**DATA RECORDS**
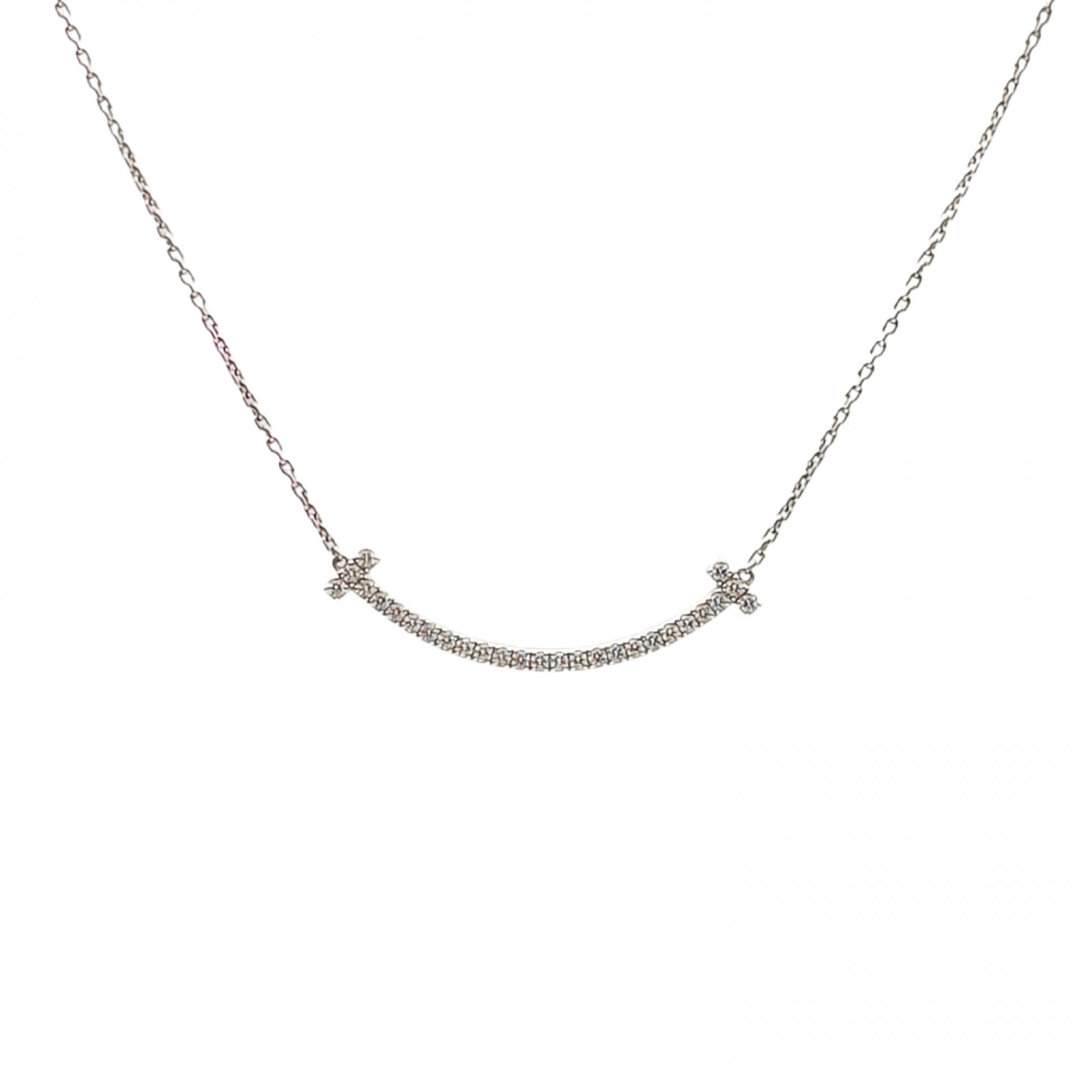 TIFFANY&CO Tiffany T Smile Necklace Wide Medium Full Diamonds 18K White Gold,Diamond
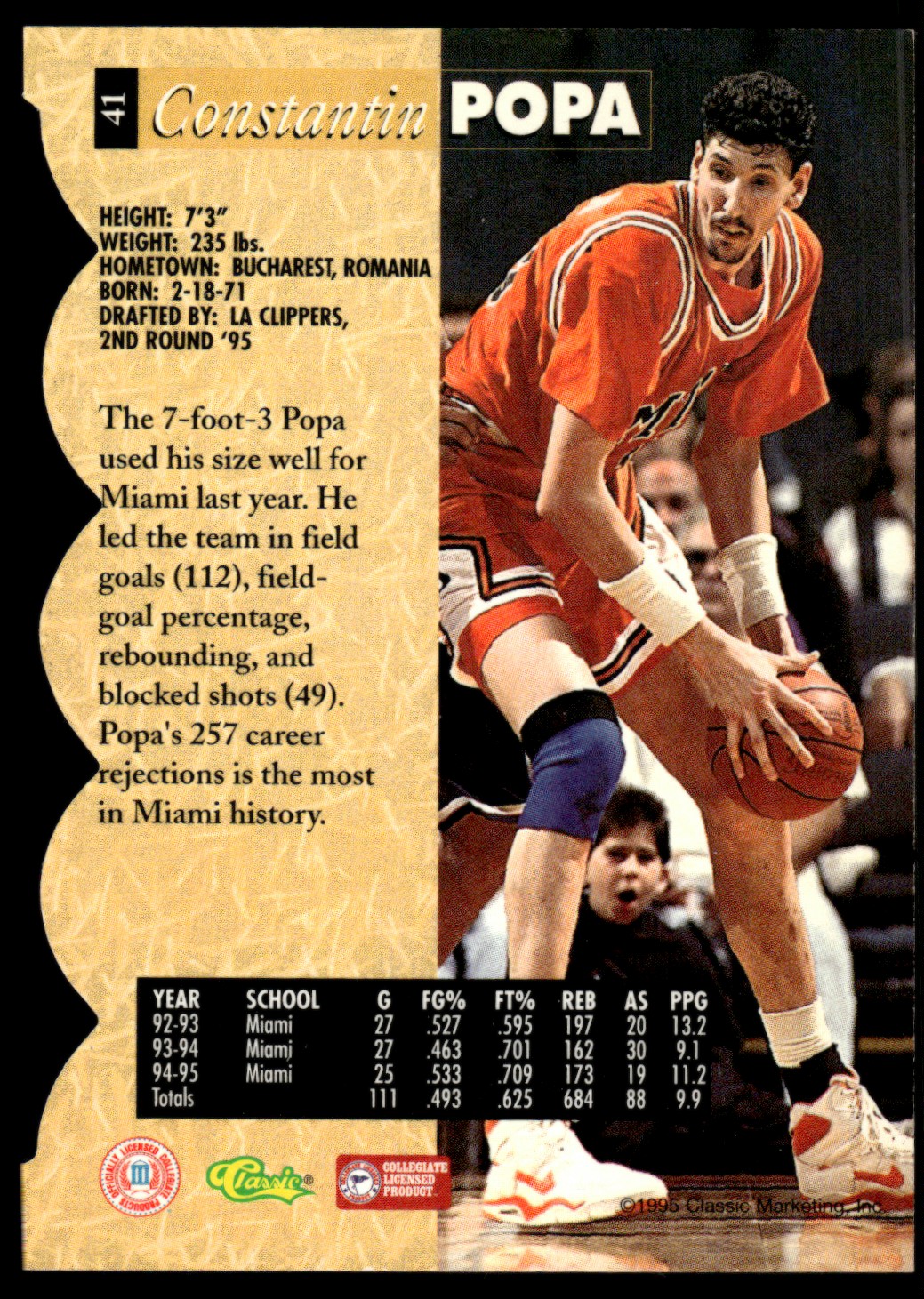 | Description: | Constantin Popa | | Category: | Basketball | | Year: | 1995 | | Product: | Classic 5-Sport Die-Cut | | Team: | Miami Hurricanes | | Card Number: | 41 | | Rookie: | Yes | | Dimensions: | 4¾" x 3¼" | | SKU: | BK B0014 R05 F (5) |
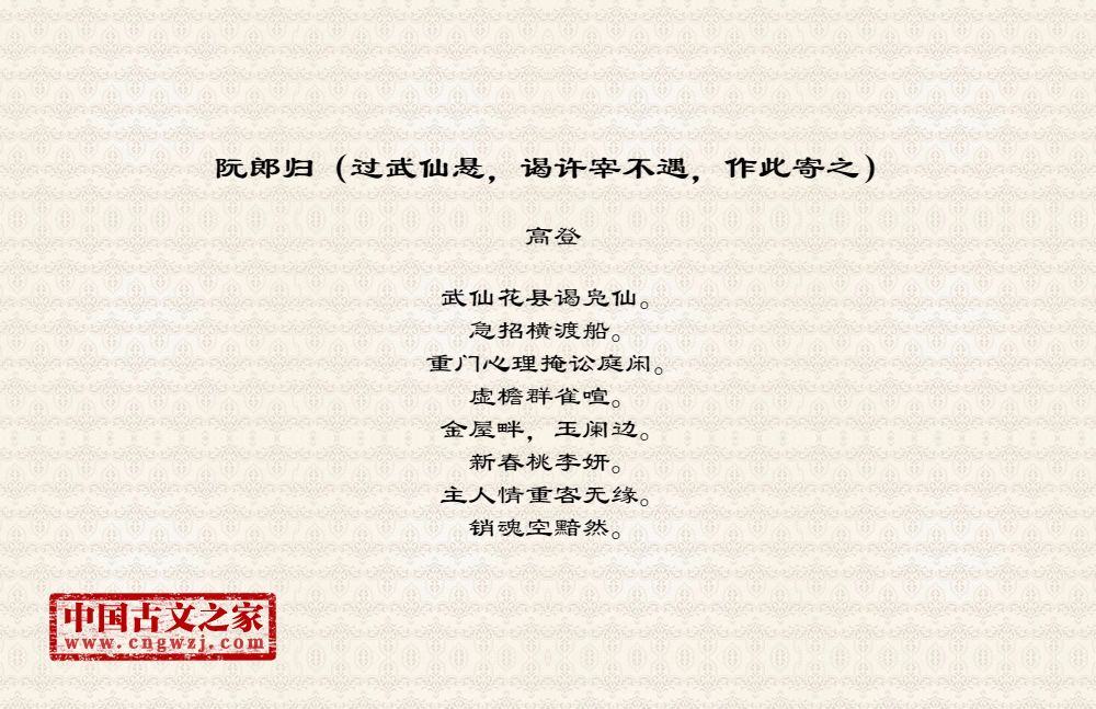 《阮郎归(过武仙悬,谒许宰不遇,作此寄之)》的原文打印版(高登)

---

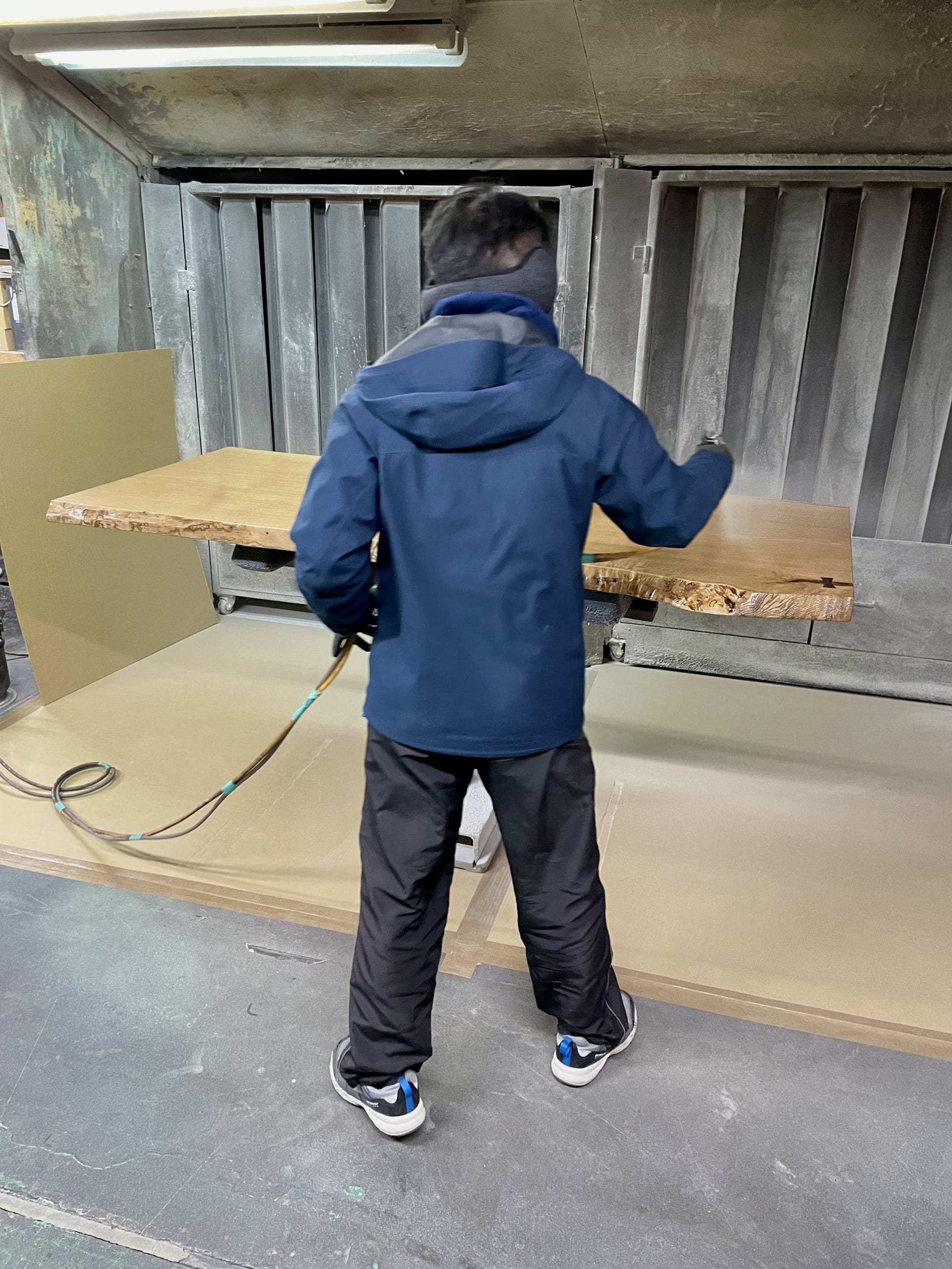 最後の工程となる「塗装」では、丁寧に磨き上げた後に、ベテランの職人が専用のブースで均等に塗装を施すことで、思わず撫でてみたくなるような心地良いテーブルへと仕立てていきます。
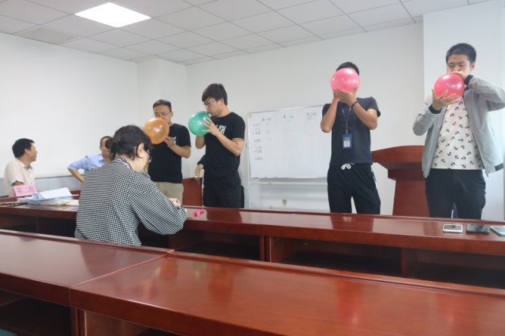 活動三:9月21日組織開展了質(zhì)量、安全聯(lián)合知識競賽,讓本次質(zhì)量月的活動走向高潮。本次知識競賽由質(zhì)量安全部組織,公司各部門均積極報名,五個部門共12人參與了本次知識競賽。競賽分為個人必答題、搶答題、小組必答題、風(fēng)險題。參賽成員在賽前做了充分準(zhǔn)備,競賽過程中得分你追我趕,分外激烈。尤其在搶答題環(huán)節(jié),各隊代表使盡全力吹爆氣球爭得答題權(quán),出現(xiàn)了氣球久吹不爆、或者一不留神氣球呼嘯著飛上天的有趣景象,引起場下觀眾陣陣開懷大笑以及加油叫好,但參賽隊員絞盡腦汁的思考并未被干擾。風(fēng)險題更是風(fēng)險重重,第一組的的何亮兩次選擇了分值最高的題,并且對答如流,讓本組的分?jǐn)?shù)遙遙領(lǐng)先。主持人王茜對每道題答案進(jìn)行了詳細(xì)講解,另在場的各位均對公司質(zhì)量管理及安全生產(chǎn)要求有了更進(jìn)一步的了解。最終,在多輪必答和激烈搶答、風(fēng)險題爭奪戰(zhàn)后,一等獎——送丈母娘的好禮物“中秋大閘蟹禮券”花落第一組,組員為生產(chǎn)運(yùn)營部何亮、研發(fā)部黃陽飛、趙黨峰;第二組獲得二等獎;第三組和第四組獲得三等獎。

**WORK ITEM**
Using the entries above, transcribe exactly from the line that has "最後の工程となる「塗装」では" through the line that has "活動三:9月21日組織開展了". Pictures are dropped.

**EXERCISE RESULT**
 最後の工程となる「塗装」では、丁寧に磨き上げた後に、ベテランの職人が専用のブースで均等に塗装を施すことで、思わず撫でてみたくなるような心地良いテーブルへと仕立てていきます。
 活動三:9月21日組織開展了質(zhì)量、安全聯(lián)合知識競賽,讓本次質(zhì)量月的活動走向高潮。本次知識競賽由質(zhì)量安全部組織,公司各部門均積極報名,五個部門共12人參與了本次知識競賽。競賽分為個人必答題、搶答題、小組必答題、風(fēng)險題。參賽成員在賽前做了充分準(zhǔn)備,競賽過程中得分你追我趕,分外激烈。尤其在搶答題環(huán)節(jié),各隊代表使盡全力吹爆氣球爭得答題權(quán),出現(xiàn)了氣球久吹不爆、或者一不留神氣球呼嘯著飛上天的有趣景象,引起場下觀眾陣陣開懷大笑以及加油叫好,但參賽隊員絞盡腦汁的思考并未被干擾。風(fēng)險題更是風(fēng)險重重,第一組的的何亮兩次選擇了分值最高的題,并且對答如流,讓本組的分?jǐn)?shù)遙遙領(lǐng)先。主持人王茜對每道題答案進(jìn)行了詳細(xì)講解,另在場的各位均對公司質(zhì)量管理及安全生產(chǎn)要求有了更進(jìn)一步的了解。最終,在多輪必答和激烈搶答、風(fēng)險題爭奪戰(zhàn)后,一等獎——送丈母娘的好禮物“中秋大閘蟹禮券”花落第一組,組員為生產(chǎn)運(yùn)營部何亮、研發(fā)部黃陽飛、趙黨峰;第二組獲得二等獎;第三組和第四組獲得三等獎。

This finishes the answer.